This is a spin-off from my post on The Future of Robot Learning, and focuses more on learned simulators, which I think will play a major role in the future of the industry.

Robots are at an interesting intersection between being an engineered system and an embodied intelligence. We have fairly well-established practices for designing and building highly reliable engineered systems, but we are actively figuring out how to develop flexible intelligent systems that learn from experience and that reach the same levels of safety and reliability. This combination represents a unique set of challenges and an exciting frontier in technology today.

Simulation is a well-established tool in both engineering and human skill acquisition—it’s been used to design complex fighter jets and to teach the human pilots that fly them. It’s also used universally in robotics for debugging, evaluation, and (sometimes) training, to make development safer and cheaper, and to induce scenarios that are otherwise impossible or too dangerous to prep for.

Simulation is going to play an increasingly important role in the future of robotics, by providing a readable and writeable proxy for reality. The best robotics companies will have the best simulators, because that will be the cheapest, quickest, and safest way to iterate on and deploy intelligent systems in the real world.

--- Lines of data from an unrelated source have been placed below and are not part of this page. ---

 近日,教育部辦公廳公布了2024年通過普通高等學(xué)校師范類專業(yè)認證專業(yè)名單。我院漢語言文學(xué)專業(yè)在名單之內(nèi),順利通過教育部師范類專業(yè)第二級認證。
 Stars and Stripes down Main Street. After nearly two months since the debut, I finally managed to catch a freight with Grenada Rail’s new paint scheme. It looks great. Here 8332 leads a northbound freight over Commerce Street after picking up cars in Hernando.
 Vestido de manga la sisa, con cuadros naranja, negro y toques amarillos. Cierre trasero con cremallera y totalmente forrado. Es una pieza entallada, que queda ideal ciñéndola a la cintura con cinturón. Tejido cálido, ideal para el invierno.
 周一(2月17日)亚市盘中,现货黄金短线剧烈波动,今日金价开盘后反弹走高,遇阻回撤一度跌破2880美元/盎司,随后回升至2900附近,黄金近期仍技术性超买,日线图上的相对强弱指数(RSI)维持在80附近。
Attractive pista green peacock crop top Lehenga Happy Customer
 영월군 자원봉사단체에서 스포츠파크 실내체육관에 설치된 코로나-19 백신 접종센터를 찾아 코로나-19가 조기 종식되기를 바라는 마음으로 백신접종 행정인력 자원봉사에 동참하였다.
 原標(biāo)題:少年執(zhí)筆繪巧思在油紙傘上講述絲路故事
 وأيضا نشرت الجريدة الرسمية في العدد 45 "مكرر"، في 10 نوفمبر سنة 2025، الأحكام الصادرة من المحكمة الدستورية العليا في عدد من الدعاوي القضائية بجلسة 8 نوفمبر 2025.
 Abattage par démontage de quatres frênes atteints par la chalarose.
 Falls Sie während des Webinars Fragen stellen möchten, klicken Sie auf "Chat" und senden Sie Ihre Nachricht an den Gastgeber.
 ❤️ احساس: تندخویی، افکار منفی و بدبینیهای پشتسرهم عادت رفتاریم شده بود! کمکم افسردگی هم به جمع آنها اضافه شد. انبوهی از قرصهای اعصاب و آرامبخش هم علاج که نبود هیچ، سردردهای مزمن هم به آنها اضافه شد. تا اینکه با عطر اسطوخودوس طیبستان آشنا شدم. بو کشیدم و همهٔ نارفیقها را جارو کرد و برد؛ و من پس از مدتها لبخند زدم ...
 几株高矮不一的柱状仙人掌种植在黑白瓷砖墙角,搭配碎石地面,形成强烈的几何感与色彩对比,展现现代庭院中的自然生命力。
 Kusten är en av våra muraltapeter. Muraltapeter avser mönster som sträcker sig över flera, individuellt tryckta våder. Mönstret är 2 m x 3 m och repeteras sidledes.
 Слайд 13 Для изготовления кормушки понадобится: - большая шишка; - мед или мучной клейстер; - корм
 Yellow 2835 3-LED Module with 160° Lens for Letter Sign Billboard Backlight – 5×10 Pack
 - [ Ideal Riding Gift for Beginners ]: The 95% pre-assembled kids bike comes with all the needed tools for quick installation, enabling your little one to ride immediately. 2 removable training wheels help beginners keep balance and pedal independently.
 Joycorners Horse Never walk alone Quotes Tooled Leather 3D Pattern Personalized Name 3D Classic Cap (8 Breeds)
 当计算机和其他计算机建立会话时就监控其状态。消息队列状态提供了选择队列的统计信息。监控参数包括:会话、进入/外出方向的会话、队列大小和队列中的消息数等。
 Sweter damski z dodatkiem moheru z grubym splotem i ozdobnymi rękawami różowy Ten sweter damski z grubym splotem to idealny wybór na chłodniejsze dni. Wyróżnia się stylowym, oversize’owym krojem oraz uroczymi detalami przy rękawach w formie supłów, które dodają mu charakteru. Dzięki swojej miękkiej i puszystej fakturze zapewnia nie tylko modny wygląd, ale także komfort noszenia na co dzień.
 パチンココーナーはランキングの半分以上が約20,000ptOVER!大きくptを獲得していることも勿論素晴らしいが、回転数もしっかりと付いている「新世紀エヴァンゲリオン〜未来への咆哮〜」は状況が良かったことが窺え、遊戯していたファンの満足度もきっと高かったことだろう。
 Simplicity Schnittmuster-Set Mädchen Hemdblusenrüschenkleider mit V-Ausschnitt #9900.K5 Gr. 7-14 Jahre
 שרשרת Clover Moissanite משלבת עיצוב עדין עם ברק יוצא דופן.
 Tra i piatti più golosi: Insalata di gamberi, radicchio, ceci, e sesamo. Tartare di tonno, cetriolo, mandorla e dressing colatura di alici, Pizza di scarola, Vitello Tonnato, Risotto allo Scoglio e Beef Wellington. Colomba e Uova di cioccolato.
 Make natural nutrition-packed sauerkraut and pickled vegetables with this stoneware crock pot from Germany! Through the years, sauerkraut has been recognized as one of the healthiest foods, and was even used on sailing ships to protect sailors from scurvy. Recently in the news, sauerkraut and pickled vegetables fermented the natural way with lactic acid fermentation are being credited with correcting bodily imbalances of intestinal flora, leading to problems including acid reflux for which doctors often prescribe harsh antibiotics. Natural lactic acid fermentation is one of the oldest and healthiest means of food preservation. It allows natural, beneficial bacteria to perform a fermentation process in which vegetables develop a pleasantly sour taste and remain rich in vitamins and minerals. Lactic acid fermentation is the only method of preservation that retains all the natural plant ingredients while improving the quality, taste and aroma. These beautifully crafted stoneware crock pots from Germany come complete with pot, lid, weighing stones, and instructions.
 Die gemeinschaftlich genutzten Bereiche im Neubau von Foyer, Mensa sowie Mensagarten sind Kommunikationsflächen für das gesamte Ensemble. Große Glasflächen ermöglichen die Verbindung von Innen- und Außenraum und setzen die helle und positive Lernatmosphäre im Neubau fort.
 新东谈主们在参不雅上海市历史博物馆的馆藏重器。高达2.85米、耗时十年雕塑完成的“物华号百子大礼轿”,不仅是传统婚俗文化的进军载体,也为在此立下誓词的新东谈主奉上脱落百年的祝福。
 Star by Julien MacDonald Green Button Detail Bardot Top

As our robotic systems become capable of handling increasingly complex and varied settings, however, our simulators must become increasingly complex and varied to remain useful. And I believe we are going to hit a wall with traditional simulator development—a wall very similar to the one we hit with traditional computer vision before deep learning.

In the long run, then, we will need to learn our simulators from data, much more akin to how humans learn their world models, and much more akin to how the rest of modern robot learning systems work. There is no other way to handle the variety of the real world in a general and scalable way (e.g., an egg cracking, pouring out, sizzling on a frying pan, and a paintbrush dipping into a bucket, dragging across the wall, leaving a streak of red paint behind).

The Simulator of Tomorrow

Traditional simulators provide a nice conceptual blueprint for the future of learned simulators. Traditional simulators are fairly general and reusable tools; they can be reprogrammed for many tasks; they have nice structure that enables us to interface with them and visualize their results in interpretable formats; they are built up from a central codebase, where effort and insights can pile up over time in a central place and compound, rather than needing to be constructed from scratch for each environment or task.

But traditional simulators are limited in many ways, and ultimately by introducing learned components, we can go far beyond what they are currently capable of. Beyond additional accuracy and variety, the Simulator of Tomorrow will be much easier to use and will enables things like:

Automatic grounding. Instead of defining YAML/XML files to specify all the details and possible things we want to vary over, we could naturally “prompt” the model to simulate what we want. It could absorb videos, still images, text, sound, technical drawings, robot specifications, meshes—any modality that we could encode with a neural network—and spit out a simulator description. We could film a quick video of our scene, with some robot specifications, command data and proprioception, and get out a calibrated and general simulation of the scene and the robot.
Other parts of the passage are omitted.